How’s it going? Been hit by any devastating solar flares lately? No? Well. That’s good. Because you know what happens when solar flares hit? Nothing good, that’s for sure. Remember back to when I reviewed The Maze Runner by James Dashner and thought it was awesome? And then I read The Scorch Trials and thought it was compelling? And then I finished The Death Cure and I was kind of meh? I’d been told that I’d feel better about things once I read the prequel, The Kill Order.
Our story starts off with the only connection we get to familiar characters. Thomas and Theresa are nervously awaiting their decent into the Maze. As soon as Thomas is about to have his memory wiped, we are taken back in time and plunged into a world in chaos. The earth has been plagued by a series of destructive and devastating solar flares. Our main characters, Mark and Trina, only survived the initial impact by having been on the subway. The solar flares led to massive melting of the polar ice caps thus flooding the island of Manhattan and heaven knows where else. They’re taken under the wing of a pair of ex military survivalists along with a handful of other teenagers.

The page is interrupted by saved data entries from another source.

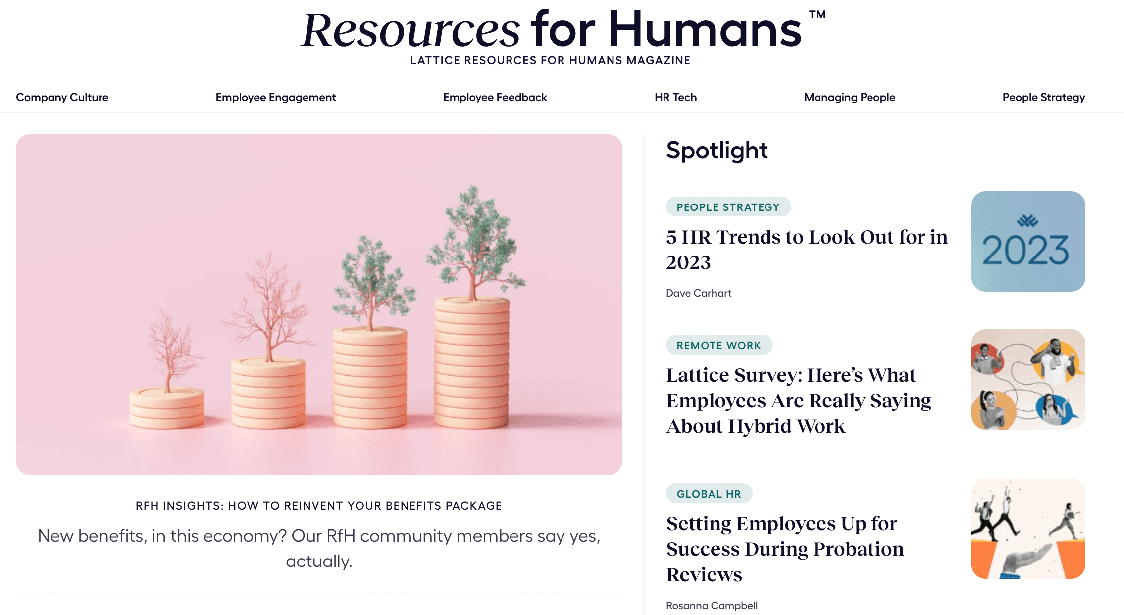 The RfH magazine is a beautifully curated content magazine just for HR and People Leaders, featuring People-focused articles, stories for and about the RfH community, ideas for HR-focused events you’ll want to attend, info on the latest HR trends, and other resources. Get tech recommendations, check out on-demand webinars, and read articles on strategies, feedback, culture, and a lot more.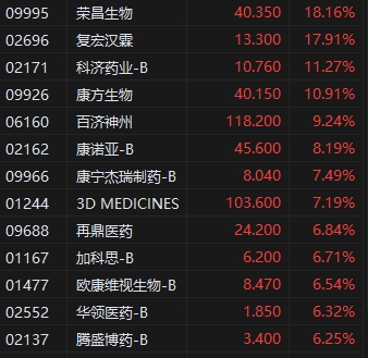 生物科技股集體大漲,榮昌生物暴漲18.16%,復(fù)宏漢霖(13.3, 2.02, 17.91%)漲近18%,科濟藥業(yè)、康方生物(40.15, 3.95, 10.91%)漲約11%,百濟神州(118.2, 10.00, 9.24%)、康諾亞、加科思、康寧杰瑞等跟漲。消息面上,國家醫(yī)保局就《談判藥品續(xù)約規(guī)則》及《非獨家藥品競價規(guī)則》公開征求意見。其中,《談判藥品續(xù)約規(guī)則》提出,滿足以下條件之一的藥品,可以納入常規(guī)目錄管理:非獨家藥品;2019年目錄內(nèi)談判藥品,連續(xù)兩個協(xié)議周期均未調(diào)整支付標準和支付范圍的獨家藥品;談判進入目錄且連續(xù)納入目錄“協(xié)議期內(nèi)談判藥品部分”超過8年的藥品?!斗仟毤宜幤犯們r規(guī)則》的條件為:經(jīng)專家評審,建議新增納入醫(yī)保藥品目錄的非獨家藥品。國家組織藥品集中帶量采購中選藥品和政府定價藥品除外。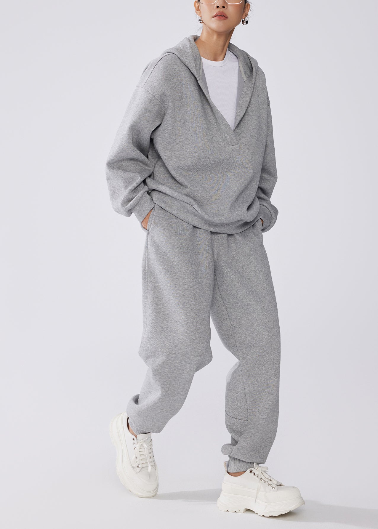 Loose Grey Hooded Sweatshirt And Pants Warm Fleece Two Pieces Set Winter
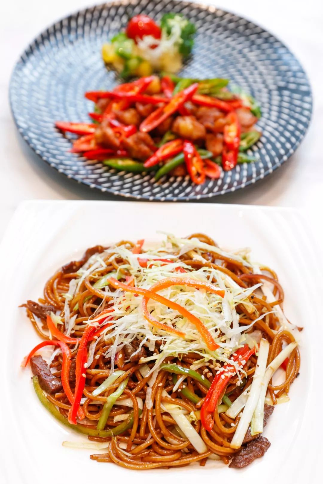 野菌牛肉粒炒饭、黑椒牛柳炒意粉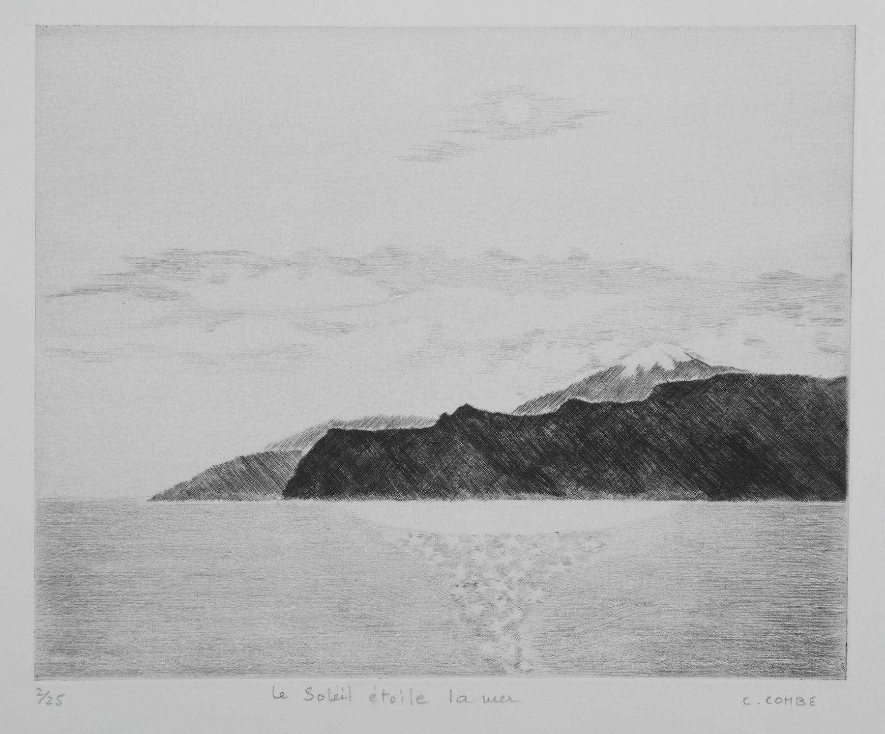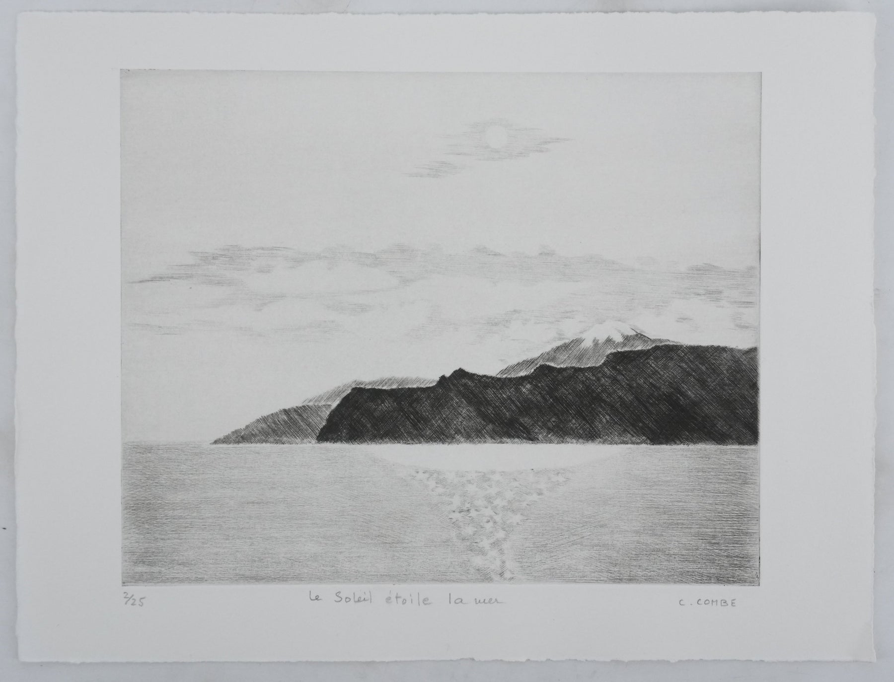 Camille COMBE : Le soleil étoile la mer, Gravure originale signée
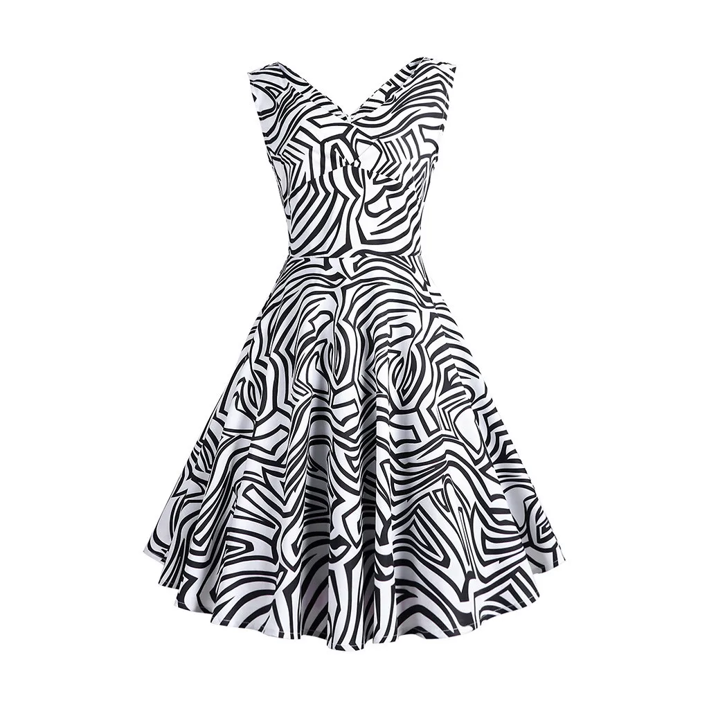 Women's Vintage Polka Dress Printing Sping Retro Rockabilly Cocktail Dress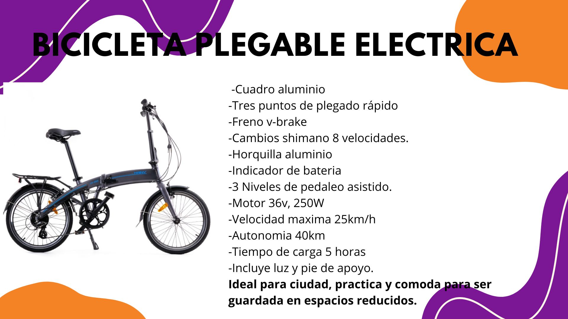 Bicicleta plegable electrica rodado 20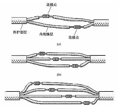 雙芯或多芯電線電纜的連接雙芯護套線三芯護套線或電纜多芯電纜在連接時,應注意盡可能將各芯線的連接點互相錯開位置,可以更好地防止線間漏電或短路圖6(a)所示為雙芯護套線的連接情況,圖6(b)所示為三芯護套線的連接情況,圖6(c)所示為四芯電力電纜的連接情況。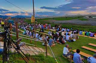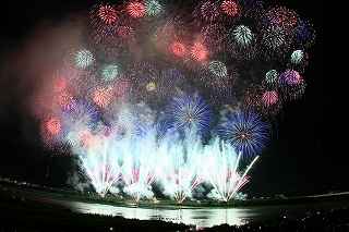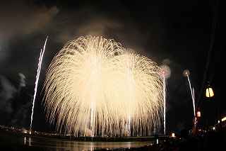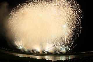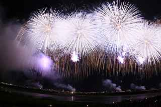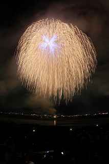 | 今年から、大幅に有料の観覧場所が増え、4000円でカメラマン席まで登場。 その応募倍率は、2日(金)が4.3倍、3日(土)が3.9倍。 2日の方が倍率が高いのは担当煙火店によるものと推測できる。 私は8月1日に神奈川新聞花火大会に出かけ、2日に仕事をし、3日に長岡に出かけた。 知り合いの何人かは、神奈川新聞の後、すぐ長岡へ立ち、2日、3日連続の花火観覧は常識の範囲らしいが。 きっと、くじ運もいいのだろう? これまで、熱中症、脱水症状、日干し覚悟で並び、土手の最上段を目がけシートを持って猛ダシュしていた(平身低頭、私は人に頼んで場所取りしてもらい、その経験がありませんが)事を考えると、健康面からも有料化は必要だったのかもしれません。(本当は言う資格無しですが)。 今回の有料化により、当選した人には15時開場という案内が来たけれど、元々番号がつけられているので(私は43番)並ぶ必要もないし、打ち上げ開始一時間前でも充分。(心配なのは市内の交通渋滞と駐車場だけ。) 現に、自分は17時に受付を通ったもののカメラマン席の両隣さんは、未だ到着していませんでした。 カメラマン席とはよく言ったもので、土手の法面でそれなりの傾斜があり、カメラマンじゃなければまず座らない場所。 知らず知らずのうちに、足に少しばかり力を入れて踏ん張っていたので、老化現象の目立つ私は、後日筋肉痛及び関節痛になりました。 「4000円払うなら。」と知り合いの何人かは少し安い有料自由席に回った。 彼らの言い分は、「カメラマン席の横幅が1メートルと狭い」こと。 確かに180度近い打ち上げ範囲のある長岡では、全てのプログラムを撮ることは困難であっても、隣同士の干渉を少なくするために、隣が最上部なら、こちらは最下部と、互い違いに三脚を置くことになる(あるいは三脚の高さで)。 その場合でも、隣との幅が1メートルは狭すぎる。 トイレの設置場所を変えるなどで幅を広げても、収容人数を同じにする、改善余地があるのではないかと思う。 カメラマンの目は厳しいし、仲間内でカメラマン席の魅力が薄いと結論付けられれば、来年も同じような倍率を維持できなくなる可能性があります。 (それは結局、ほかのエリアの倍率を高くすることとなります。そして又激戦を招く。) 今年の長岡花火で私がポイントに置いたのは、スターマイン系の撮影を成功させることでした。 初参加でありながら、幸運にも昨年は気象条件がすばらしかったのと、第一日目から来ていたW氏の最高のアドバイス(位置と画郭)で、ほぼ100点満点の三尺玉の撮影に成功したから。 今回は三尺は見るだけにし(元々この日は弱風で、大会全般を通して気象条件は昨年の比ではなく、決して良いとは言えず、三尺も右3分の1が煙で薄れてしまっていました。)、初めからレンズは17ミリと魚眼装着の二台態勢で臨みました。 天地人とフェニックスが撮れ(取れ)れば良しと割り切ったのです。 折から数日前、豪雨による崖崩れで、尊い命が奪われた長岡市。 慰霊の花火を上げると共に全員で黙祷を捧げてからの開始となった。 (これが又、長岡花火にふさわしい感じです。) 長岡の花火が素晴らしくない訳はありません。 花火に詳しくないので、賛辞の言葉が見つからないだけです。 代表的写真には拙い説明をつけました。 又、最大にして最高のプログラム=平原綾香の歌う「ジュピター」にシンクロさせたフェ二ックスを動画にてご紹介いたします。 本来動画は私の本意ではありませんが、長岡花火の凄さを、ほんの僅かでもお伝え出来れば本望です。 そして一度も出かけられたことの無い方は、是非一度ご覧になっていただきたいです。 このようなへたくそな動画では、迫力の一割くらいしかお伝えできませんが。 もっとも何人かの方に、カメラによる再生でお見せしましたが、お一人だけ目がウルウルした人がいました。 大の男でしたが、逆に私は、これを観て感動できる心が羨ましかったです。 もし彼が本物を見たら、ハンカチがビッショリだったりして・・・? 来年は土曜、日曜開催です。 目茶苦茶混みますけれどもね。 撮影日:2013−8−3 長岡にて |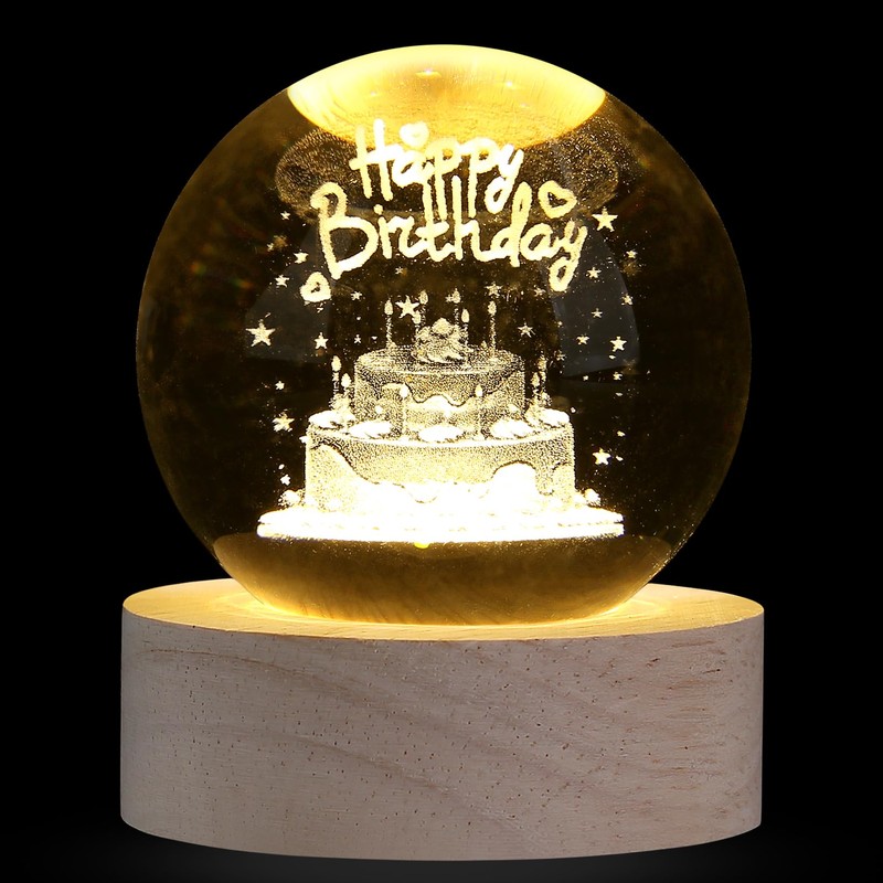 XIANNVXI 3D Happy Birthday Crystal Ball Paperweight Birthday Gifts for Women Men Birthday Presents Friend Birthday Gifts Crystal Lamp Sphere Lamp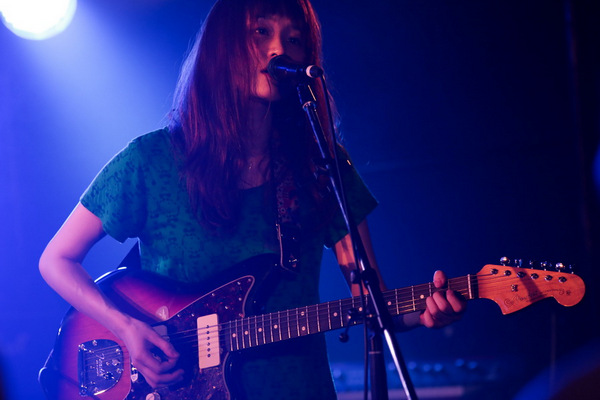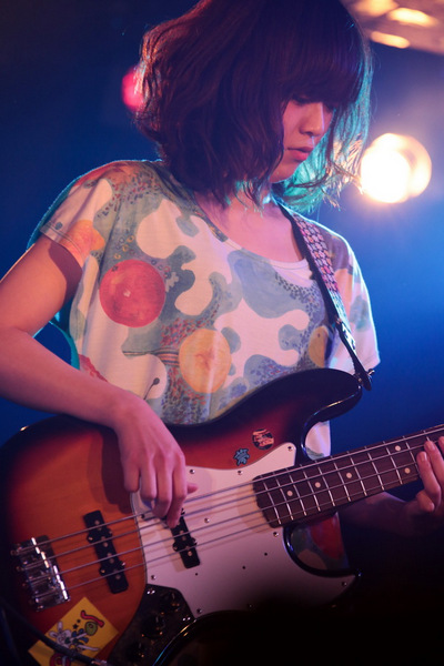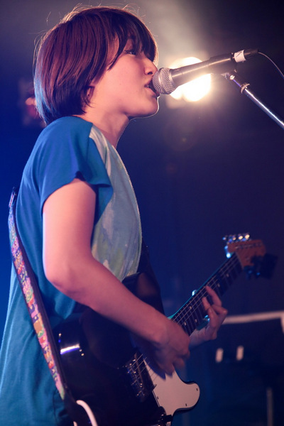 1曲目は「おかしも」。”おさない かけない しゃべらない もう、もう もどれないよ”とユニークな歌詞に、アンニュイな西脇友美の歌声、そしてギターとドラムの素朴な、しかしクリアで耳に心地よく残るサウンドが客席に届けられる。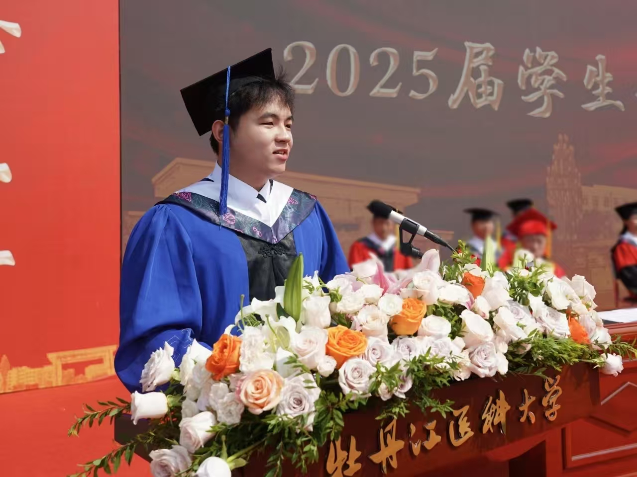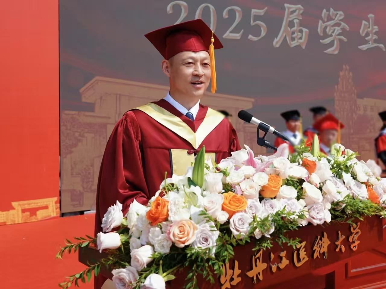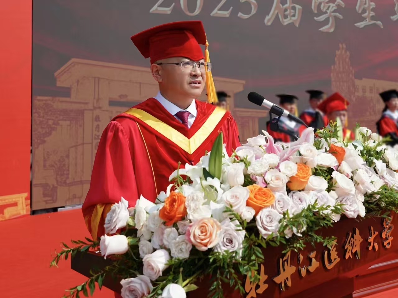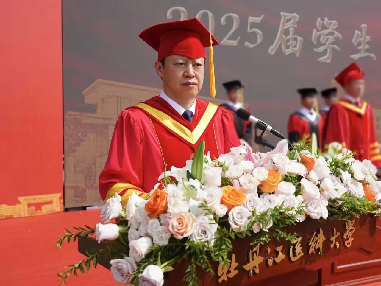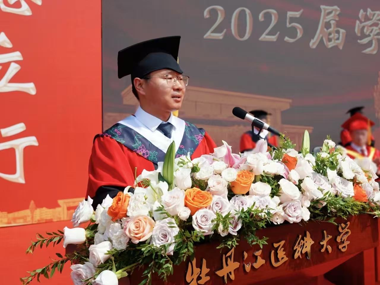 “未来的你们,或许身着白袍奋战在急诊一线,与时间赛跑抢救生命;或许埋首实验室攻克医学难题,为人类健康开拓新疆界;或许扎根基层乡野,为乡村振兴奉献青春”。李春江校长在致辞中说,我们共同走过祖国阔步向前的征程、见证母校日新月异的跨越,同学们的青春故事,将成为心底最珍贵的收藏,凝结成青春牡医最美的诗篇。他赠言同学们,厚植家国情,做健康中国的“忠实守护者”,将个人理想融入健康中国建设的宏伟蓝图,以仁心仁术守护人民生命健康;常怀救苦心,做AI时代的“温度传感器”,永葆解除病痛的初心,在医学探索的征途中,以“唯实唯新”的锐气勇闯科研“无人区”,始终将人文温度作为技术创新的灵魂与归宿;砥砺奋斗志,做终身学习的“医学特种兵”,以终身学习锻造过硬本领,时刻准备应对医学领域的复杂挑战与突发状况,以如临深渊、如履薄冰的谨慎守护生命,用大爱和专业筑起健康的钢铁长城。

Half the population of Earth is assumed to have perished during the flares, what with the radiation and the heat and the melting of human flesh and whatnot. Those who are left, Mark and his crew among them, have tried to cobble together an existence out of what’s left. They’re living in shanty villages hunting, foraging, and getting their Bear Grylls on. For about a year they’re putting things back together until a bunch of douche canoes show up on an airship shooting poisoned darts at random. Their mission? As we learned at the very end of The Death Cure, they were sent by the world governments to cull the population to a sustainable level, given the Earth’s depleted resources. More humane, they rationalize, than letting nature take its course and having people die off slowly of starvation and/or conventional illnesses they’ve run out of resources to treat.
As we know, this supposedly humane virus turned out to be THE FLARE, the dreaded disease that went airborne, spread like wildfire, and drove people completely out of their minds before killing them. Sort of like Mad Cow disease, but with people… And different. AND it killed EVERYONE who wasn’t immune. SPOILER ALERT (if you haven’t read the initial trilogy.) They never did cure the damn thing, so the immunes are left to repopulate the Earth, a la The Stand… Minus significant awesomeness and supernatural elements.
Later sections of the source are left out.